_Dataset section_.
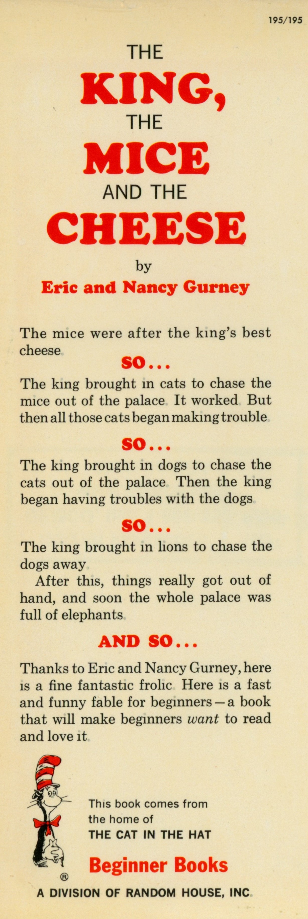 DJ Flap Front: "195/195 [top right] / THE / KING, / THE / MICE / AND THE / CHEESE / by / Eric and Nancy Gurney / The mice were after the king's best / cheese / SO... / The king brought in cats to chase the ... [... paragraph] / SO ... / The king brought in dogs to chase the ... [...paragraph] / SO ... / The king brought in lions to chase the / dogs away / AND SO ... / Thanks to Eric and Nancy Gurney, here ... [... paragraph] / This book comes from / the home of / THE CAT IN THE HAT / Beginner Books / A DIVISION OF RANDOM HOUSE, INC."
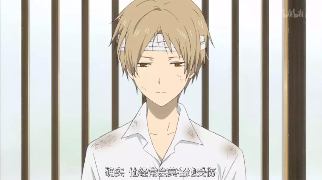 初次出场,夏目是一个远离人群的人,对妖怪也没有好感。
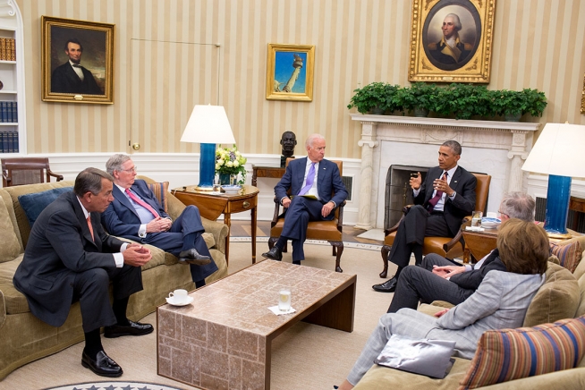 President Barack Obama and Vice President Joe Biden meet with bicameral leadership of Congress regarding foreign policy, in the Oval Office, Sept. 9, 2014. Participants include: Senate Majority Leader Harry Reid, D-Nev., Senate Minority Leader Mitch McConnell, R-Ky., House Speaker John Boehner, R-Ohio and Democratic Minority Leader Nancy Pelosi, D-Calif. (Official White House Photo by Pete Souza)
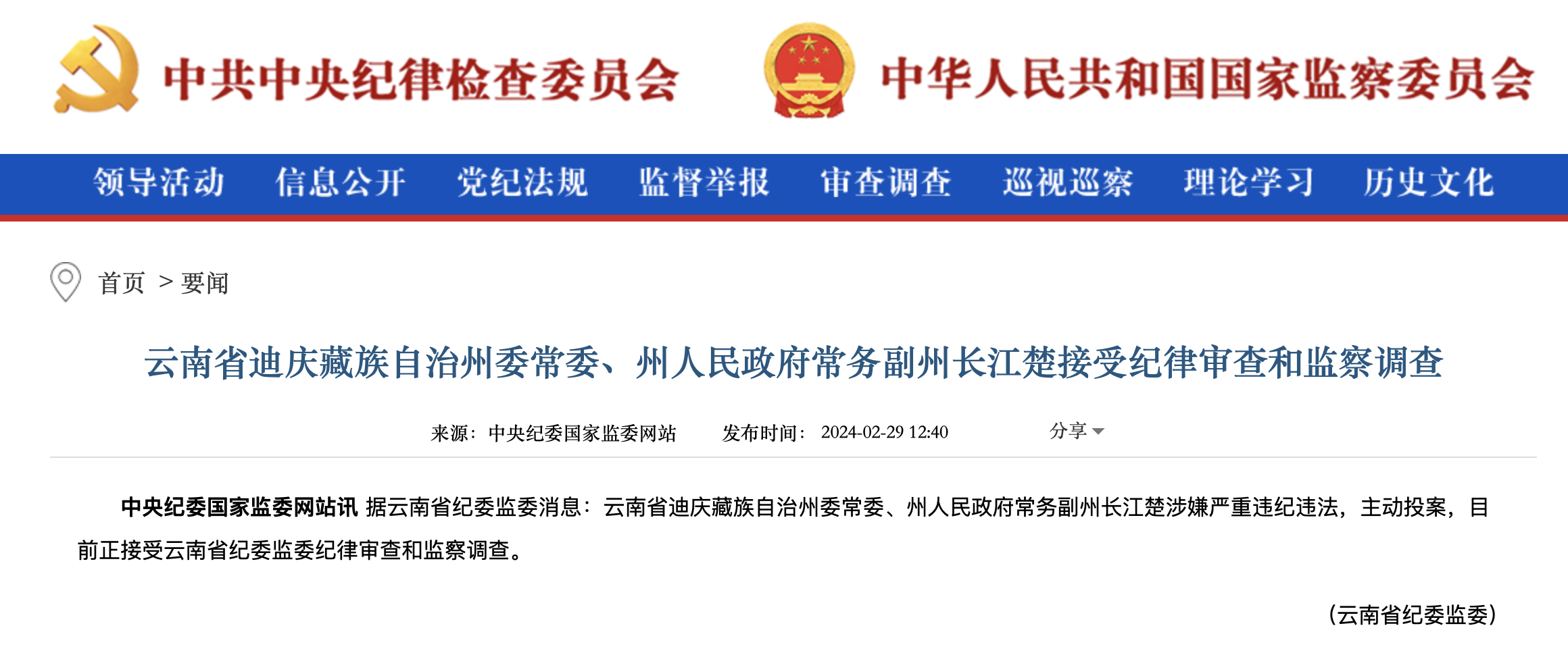 主动投案,云南省迪庆州常务副州长江楚接受审查调查

_Aim of the exercise_.
For this exercise, copy each line of the data above exactly, from the first through the line containing "初次出场,夏目是一个远离人群的人,对妖怪也没有好感。", and drop the pictures.

_Exercise result_.
 DJ Flap Front: "195/195 [top right] / THE / KING, / THE / MICE / AND THE / CHEESE / by / Eric and Nancy Gurney / The mice were after the king's best / cheese / SO... / The king brought in cats to chase the ... [... paragraph] / SO ... / The king brought in dogs to chase the ... [...paragraph] / SO ... / The king brought in lions to chase the / dogs away / AND SO ... / Thanks to Eric and Nancy Gurney, here ... [... paragraph] / This book comes from / the home of / THE CAT IN THE HAT / Beginner Books / A DIVISION OF RANDOM HOUSE, INC."
 初次出场,夏目是一个远离人群的人,对妖怪也没有好感。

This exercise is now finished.